─── EXERCISE INPUTS ───

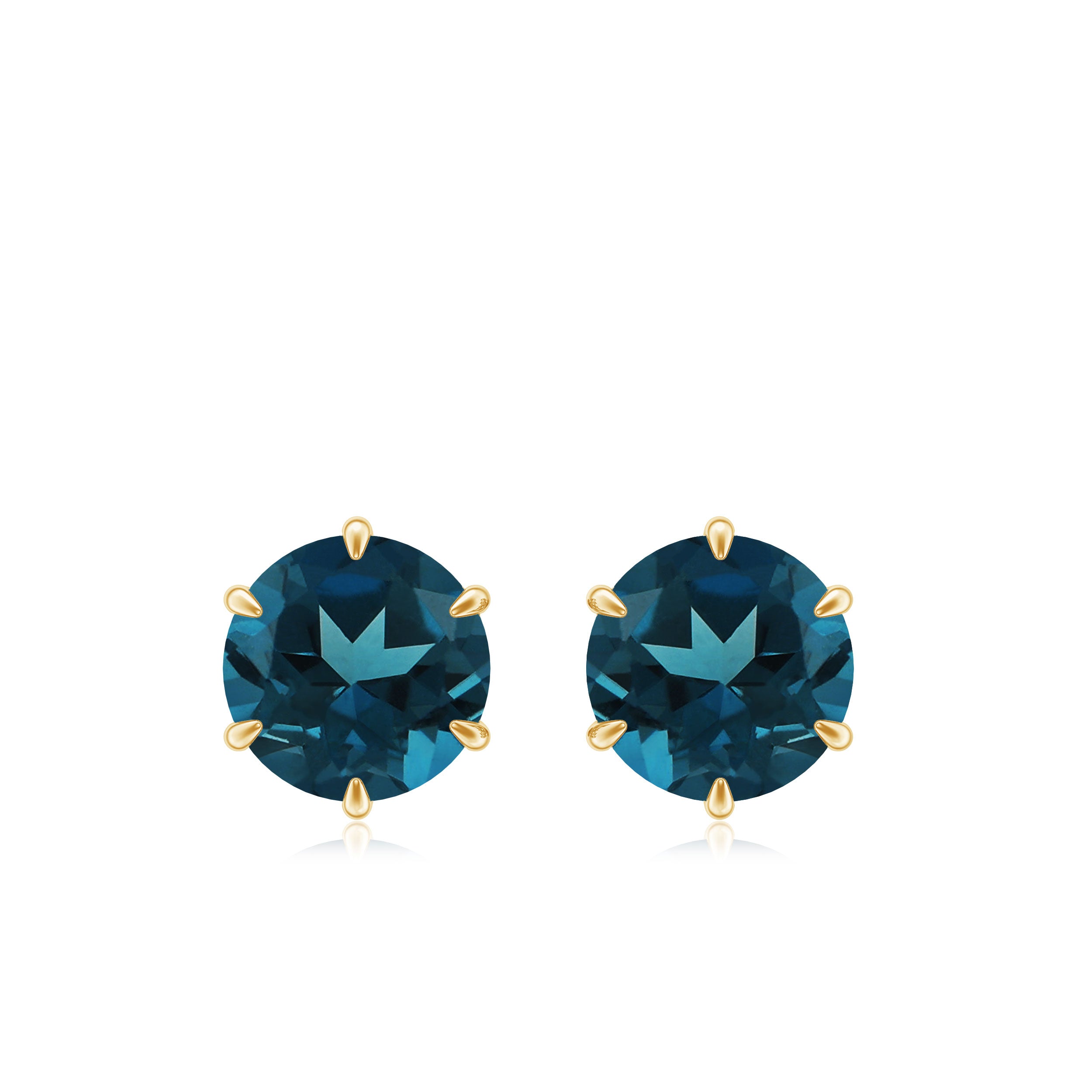 These elegant Solitaire Stud Earrings are adorned with Round Cut London Blue Topaz over 14K Gold to make for a lovely gift for your partner.
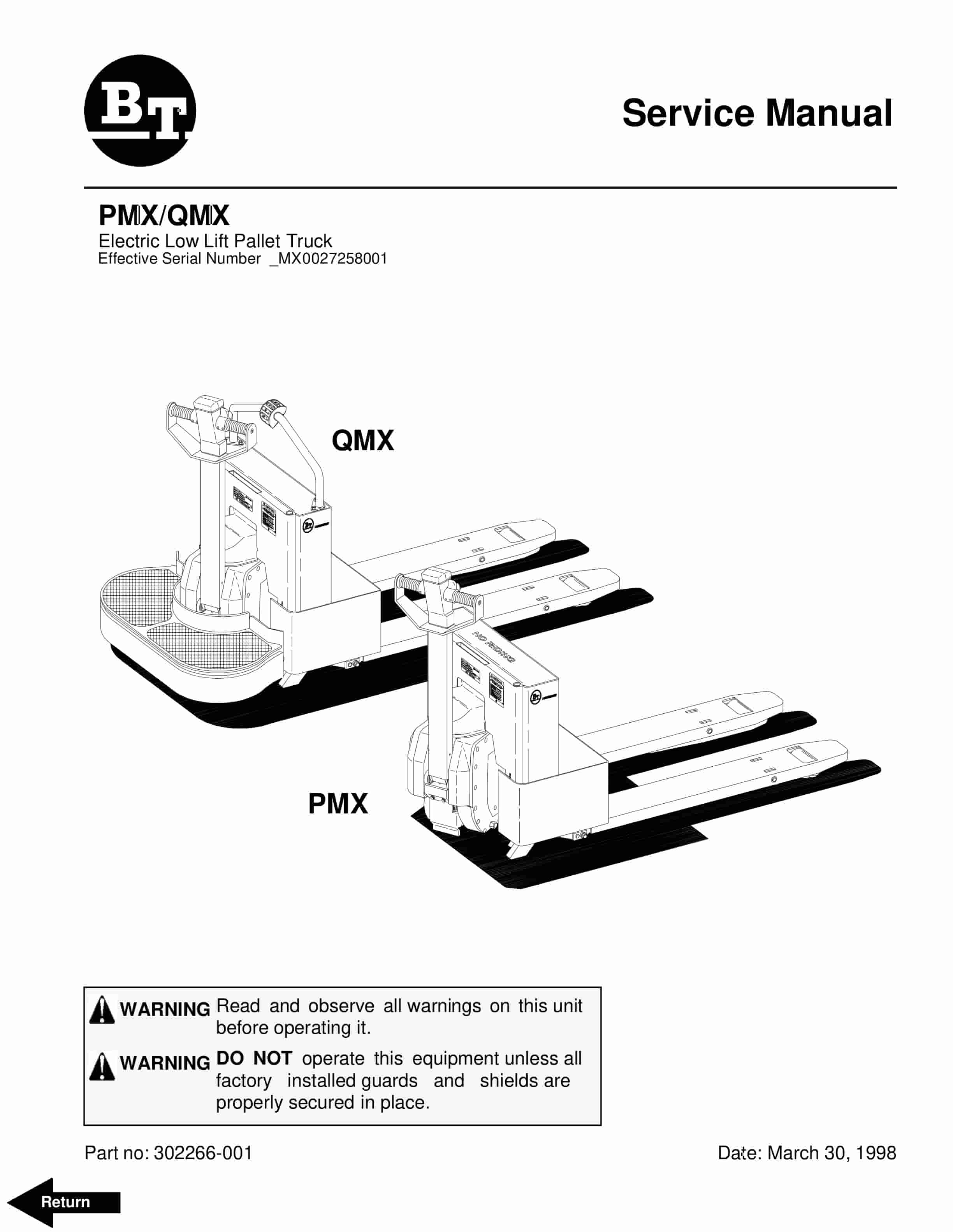 BT PMX, QMX Electric Low Lift Pallet Truck Service Manual 302266-001
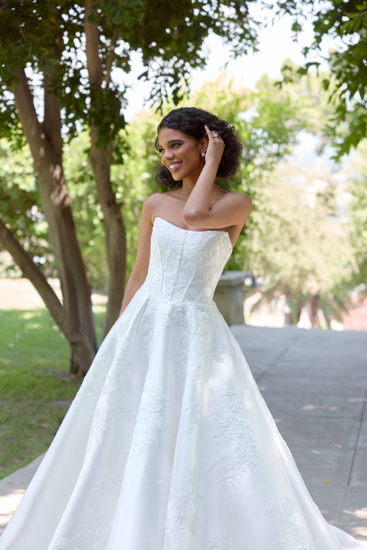 Strapless Mikado A-Line Wedding Dress with Floral Lace Appliqués
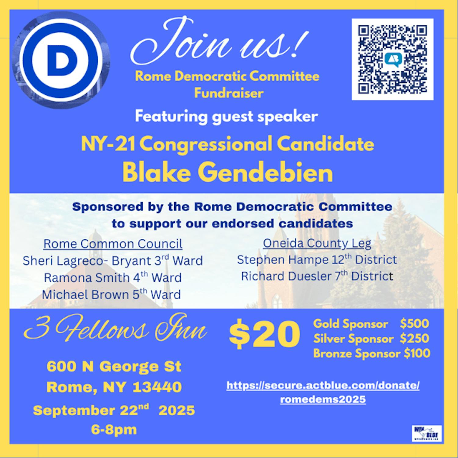 You're cordially invited to attend the Rome Democratic Committee Fundraiser featuring guest speaker Blake Gendebien, NY-21 congressional candidate!
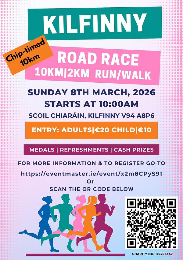 Use the QR code on the poster or the following link https://eventmaster.ie/event/x2m8CPyS91 to book your tickets or you can donate to the cause at this link https://eventmaster.ie/fundraising/campaign/kilfinny-n-s-road-race-2026
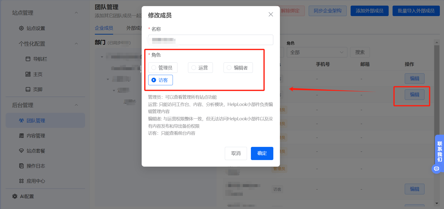 HelpLook还能轻松实现与钉钉、企微等组织架构的无缝集成。企业可以同步组织架构信息至知识库后台,为不同部门、不同角色的成员设置不同的管理权限。这种基于部门、角色的权限分配方式既保证了内容的编辑与管理效率,又确保了信息的安全可控。
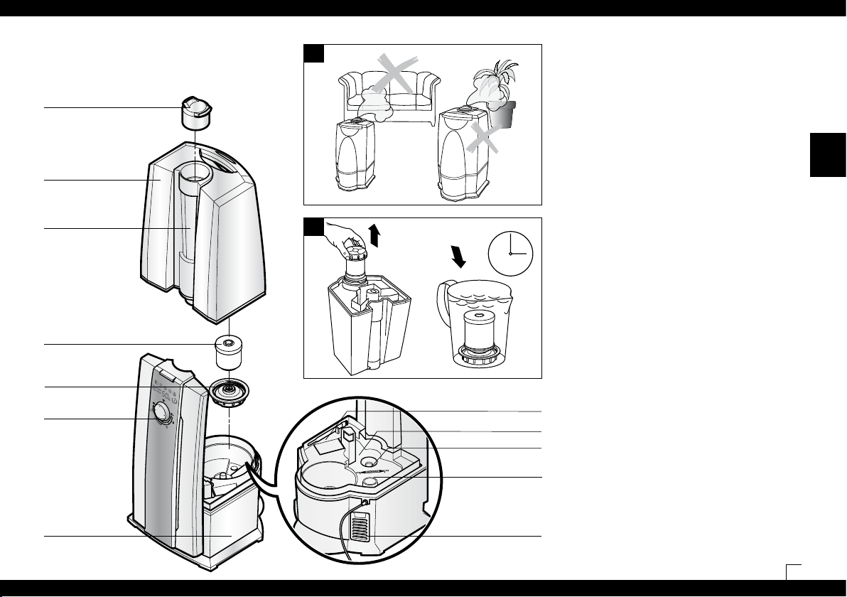 sobre el chorro de vapor. El humidificador es un aparato eléctrico, no un juguete.
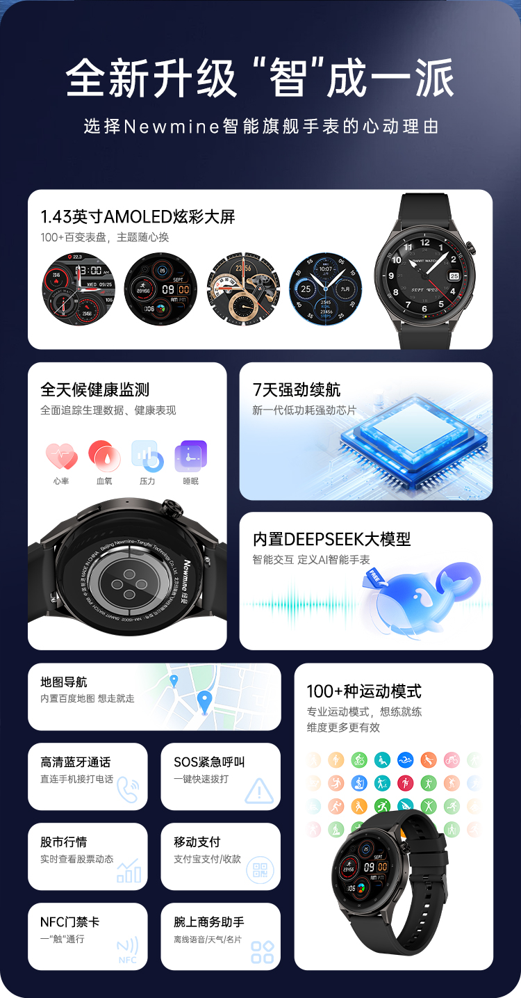 【自营】 纽曼 AI智能旗舰手表 强劲续航 舒适无感佩戴 健康监测 AI 交互 IS002
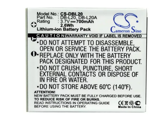 Sanyo DB-L20, DB-L20A helyettesítő akkumulátor (Li-ion, 3.7V, 700mAh / 2.59Wh) - Utángyártott
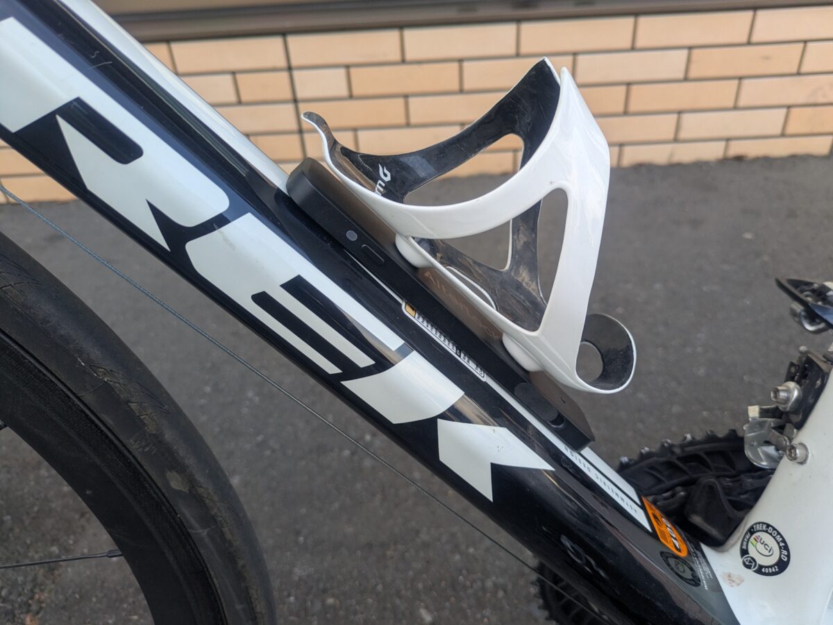 またオルターロックは自転車の防犯にも有効だ。本体には2カ所にボルトの穴が空いており、これがロードバイクのボトルケージの穴位置に合うように設計されている。フレームとボトルケージの間に本体を挟むと一体化し、とても防犯システムがついているようには見えないのだ。
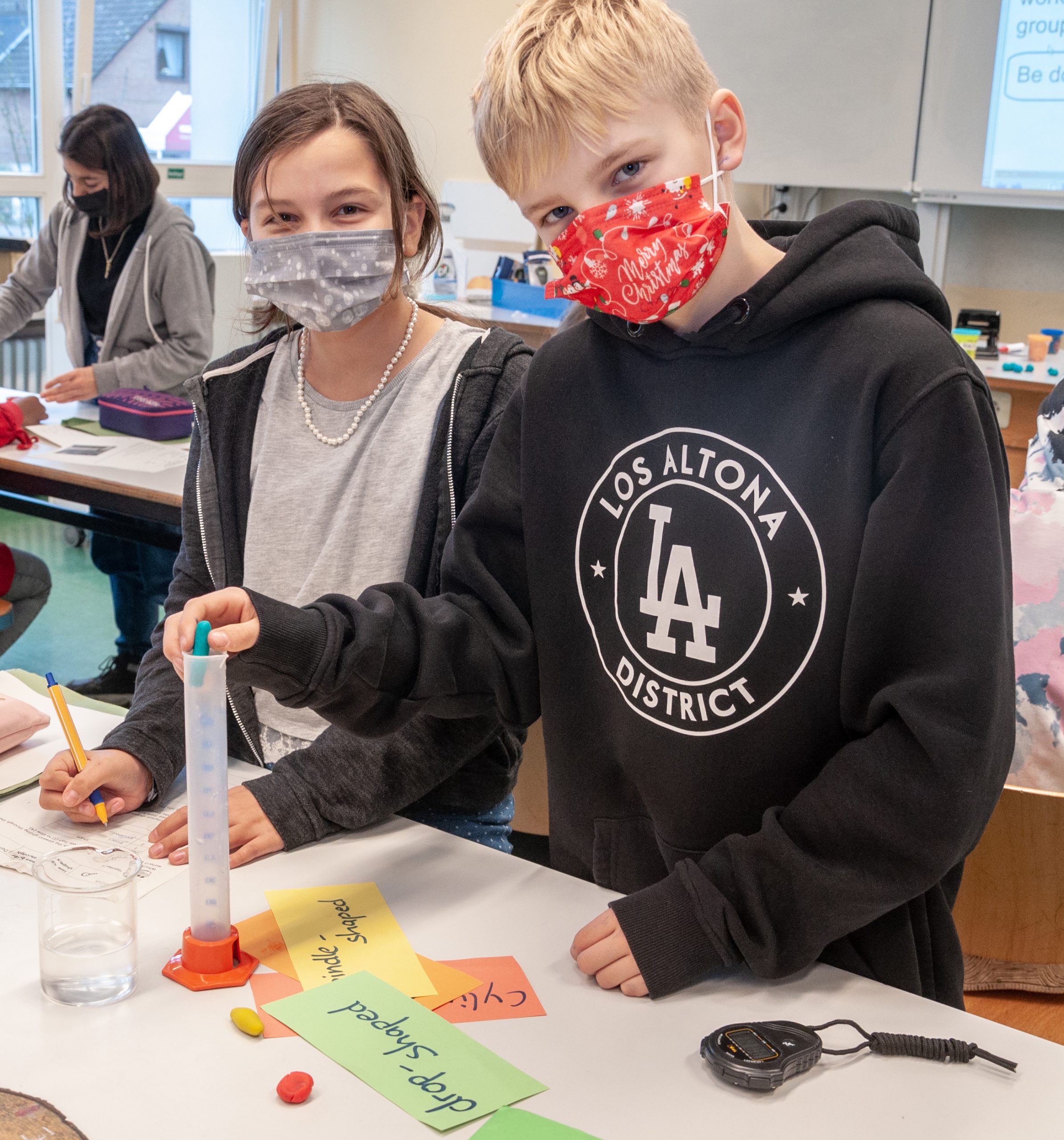 „Carla und Aiko aus der Immersionsklasse 6e untersuchen im „Science“-Unterricht die Sinkgeschwindigkeit verschiedener Körper“

───

• DESCRIPTION OF THE TASK: Only an exact copy of the entries, with no pictures, is expected as the answer.

• COMPLETED TASK:
 These elegant Solitaire Stud Earrings are adorned with Round Cut London Blue Topaz over 14K Gold to make for a lovely gift for your partner.
 BT PMX, QMX Electric Low Lift Pallet Truck Service Manual 302266-001
 Strapless Mikado A-Line Wedding Dress with Floral Lace Appliqués
 You're cordially invited to attend the Rome Democratic Committee Fundraiser featuring guest speaker Blake Gendebien, NY-21 congressional candidate!
 Use the QR code on the poster or the following link https://eventmaster.ie/event/x2m8CPyS91 to book your tickets or you can donate to the cause at this link https://eventmaster.ie/fundraising/campaign/kilfinny-n-s-road-race-2026
 HelpLook还能轻松实现与钉钉、企微等组织架构的无缝集成。企业可以同步组织架构信息至知识库后台,为不同部门、不同角色的成员设置不同的管理权限。这种基于部门、角色的权限分配方式既保证了内容的编辑与管理效率,又确保了信息的安全可控。
 sobre el chorro de vapor. El humidificador es un aparato eléctrico, no un juguete.
 【自营】 纽曼 AI智能旗舰手表 强劲续航 舒适无感佩戴 健康监测 AI 交互 IS002
 Sanyo DB-L20, DB-L20A helyettesítő akkumulátor (Li-ion, 3.7V, 700mAh / 2.59Wh) - Utángyártott
 またオルターロックは自転車の防犯にも有効だ。本体には2カ所にボルトの穴が空いており、これがロードバイクのボトルケージの穴位置に合うように設計されている。フレームとボトルケージの間に本体を挟むと一体化し、とても防犯システムがついているようには見えないのだ。
 „Carla und Aiko aus der Immersionsklasse 6e untersuchen im „Science“-Unterricht die Sinkgeschwindigkeit verschiedener Körper“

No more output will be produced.